The stdio transport in particular makes MCP trivially deployable:

{
  "mcpServers": {
    "postgres": {
      "command": "npx",
      "args": ["-y", "@anthropic/mcp-server-postgres", "--dsn", "postgresql://..."]
    }
  }
}

Four lines of JSON and the AI tool can query your database. This is the right level of simplicity for the default case.

The ecosystem grew faster than expected. As of May 2026, the MCP ecosystem includes:

• Official Anthropic servers for Postgres, SQLite, Brave Search, GitHub, Google Maps, Puppeteer, and Filesystem
• A substantial community server ecosystem (mcp.so lists over 1,200 servers)
• Client integrations in Claude Code, Cursor, Zed, Continue, Sourcegraph Cody, Hermes, and most AI-assisted coding tools
• Server SDKs in TypeScript, Python, and Kotlin (official), plus community SDKs in Go, Rust, and Elixir
• MCP Registry (launched March 2026) — a discoverability layer with verified publishers, version pinning, and security scanning

The 2024 concern that MCP would be an Anthropic-only protocol with no ecosystem was disproven within the first six months.

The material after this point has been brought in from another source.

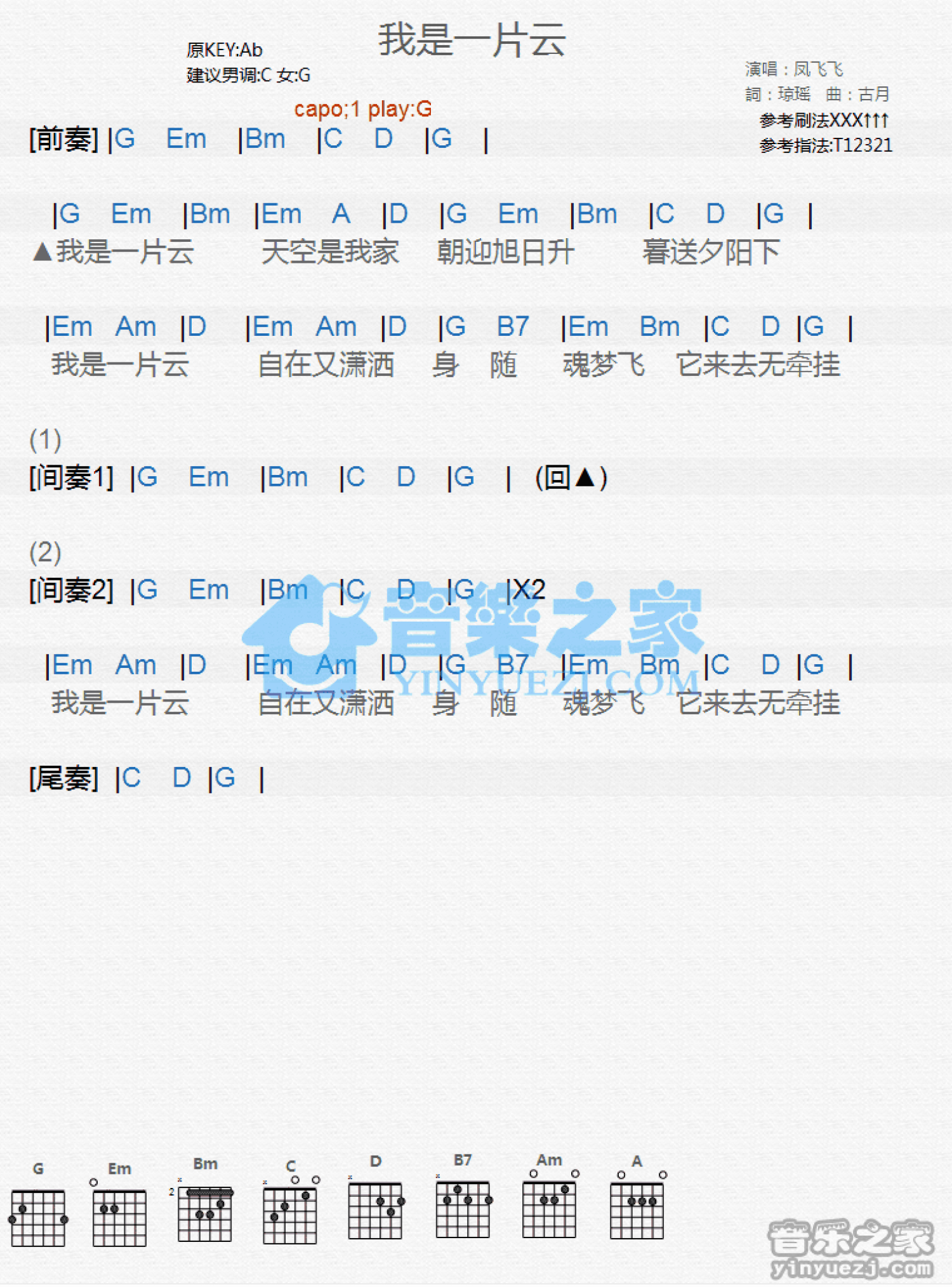 曲谱介绍: G调版凤飞飞《我是一片云》吉他和弦弹唱谱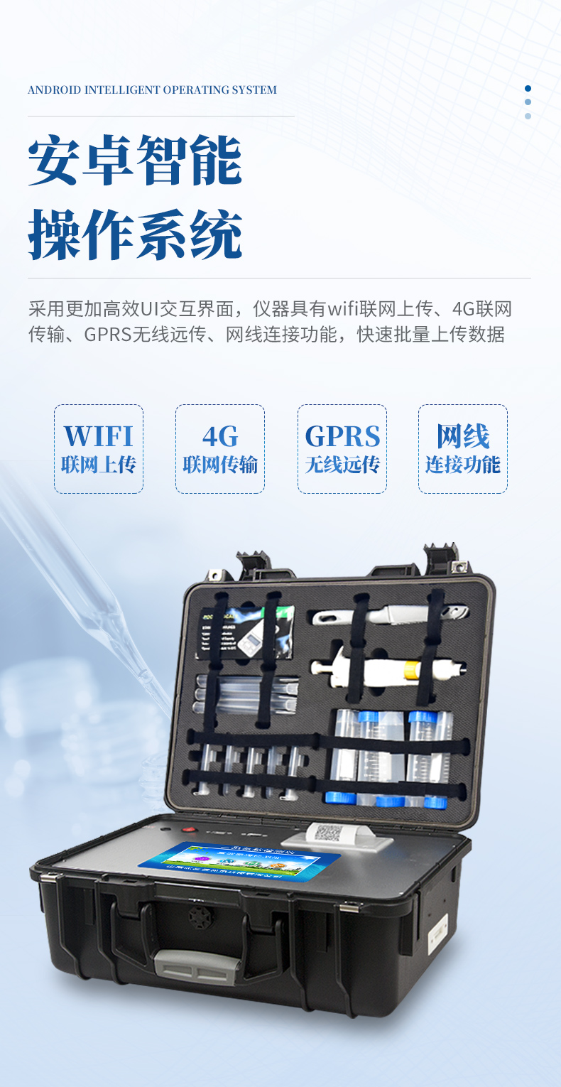 1、安卓智能操作系統,采用更加高效和人性化操作,儀器具有wifi聯網上傳、4G聯網傳輸、GPRS無線遠傳、網線連接功能,快速上傳數據。

What MCP still struggles with

Stateful interactions. MCP's tool model is request-response. Tool A is called, returns a result, and the client sends that result as context to tool B. But many real-world interactions don't fit this pattern. A database migration tool wants to start a transaction, run several DDL statements, and commit or rollback. A browser tool wants to navigate, observe, click, and observe again. MCP's request-response model forces the client to maintain the session state, which bloats the context window and adds latency.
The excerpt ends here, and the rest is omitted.